_YOUR INSTRUCTIONS_: Could you write out the listing below exactly as it stands, leaving out the pictures?

_AVAILABLE DATA_:
=== Section Start ===

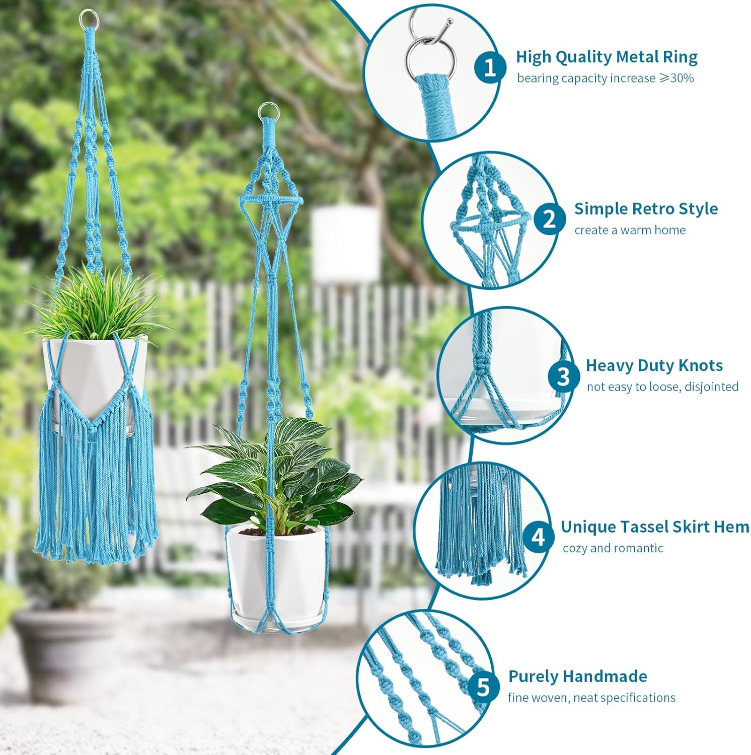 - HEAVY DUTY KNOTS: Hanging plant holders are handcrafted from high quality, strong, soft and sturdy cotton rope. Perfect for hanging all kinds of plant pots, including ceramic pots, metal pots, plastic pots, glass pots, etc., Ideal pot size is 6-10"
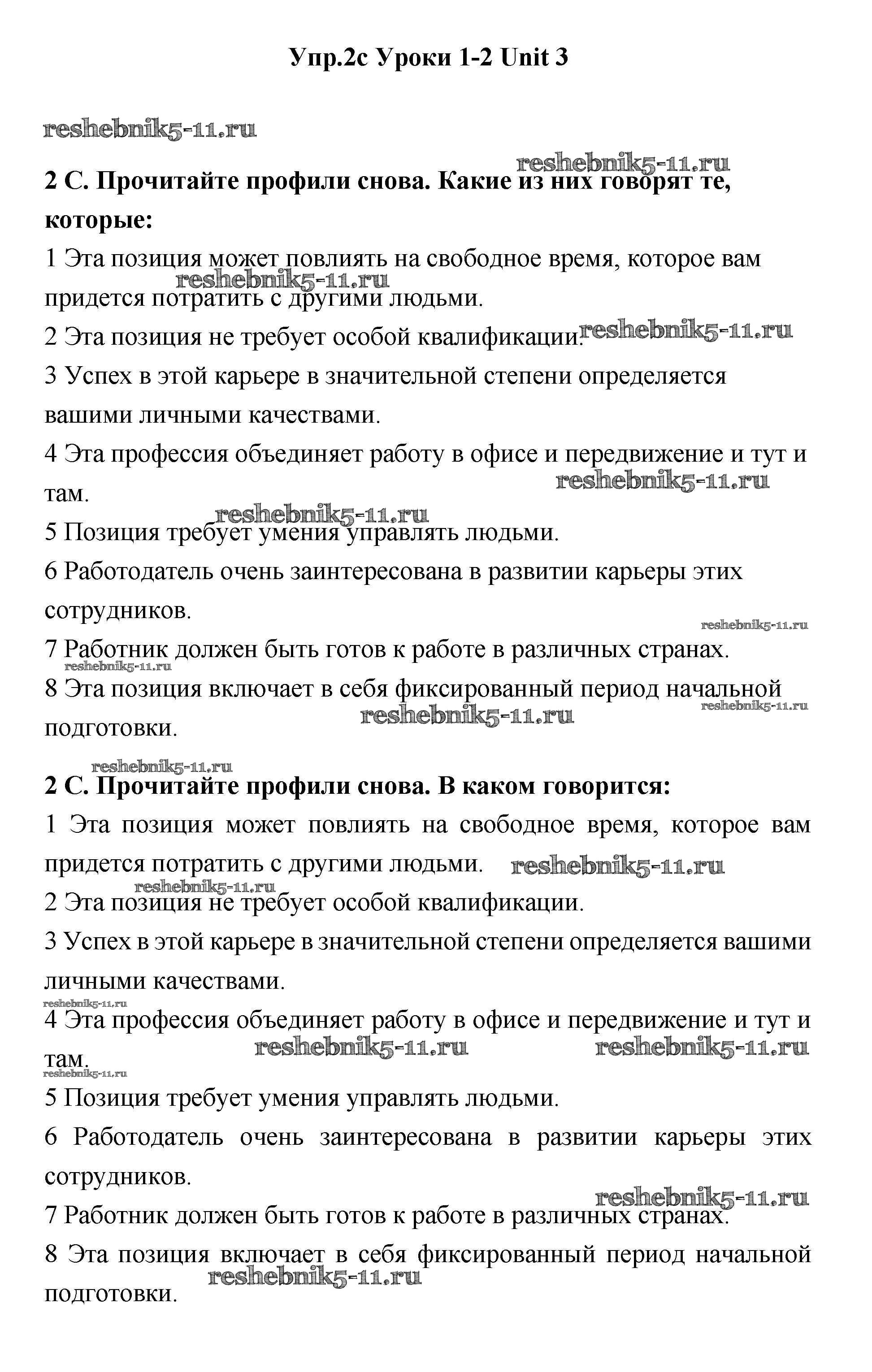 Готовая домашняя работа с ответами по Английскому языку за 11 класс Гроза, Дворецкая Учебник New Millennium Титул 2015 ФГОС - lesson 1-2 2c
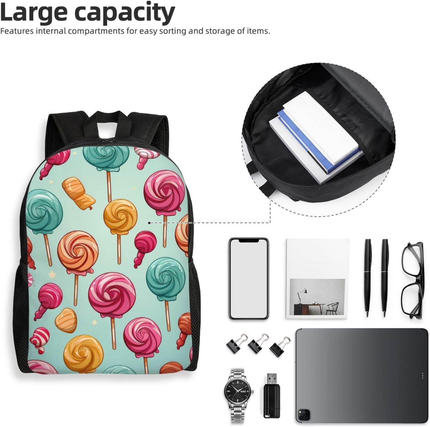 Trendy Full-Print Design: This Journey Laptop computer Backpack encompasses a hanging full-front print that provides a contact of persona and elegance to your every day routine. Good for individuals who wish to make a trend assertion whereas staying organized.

=== Section End ===

_ANSWER TO THE EXERCISE_:
 - HEAVY DUTY KNOTS: Hanging plant holders are handcrafted from high quality, strong, soft and sturdy cotton rope. Perfect for hanging all kinds of plant pots, including ceramic pots, metal pots, plastic pots, glass pots, etc., Ideal pot size is 6-10"
 Готовая домашняя работа с ответами по Английскому языку за 11 класс Гроза, Дворецкая Учебник New Millennium Титул 2015 ФГОС - lesson 1-2 2c
 Trendy Full-Print Design: This Journey Laptop computer Backpack encompasses a hanging full-front print that provides a contact of persona and elegance to your every day routine. Good for individuals who wish to make a trend assertion whereas staying organized.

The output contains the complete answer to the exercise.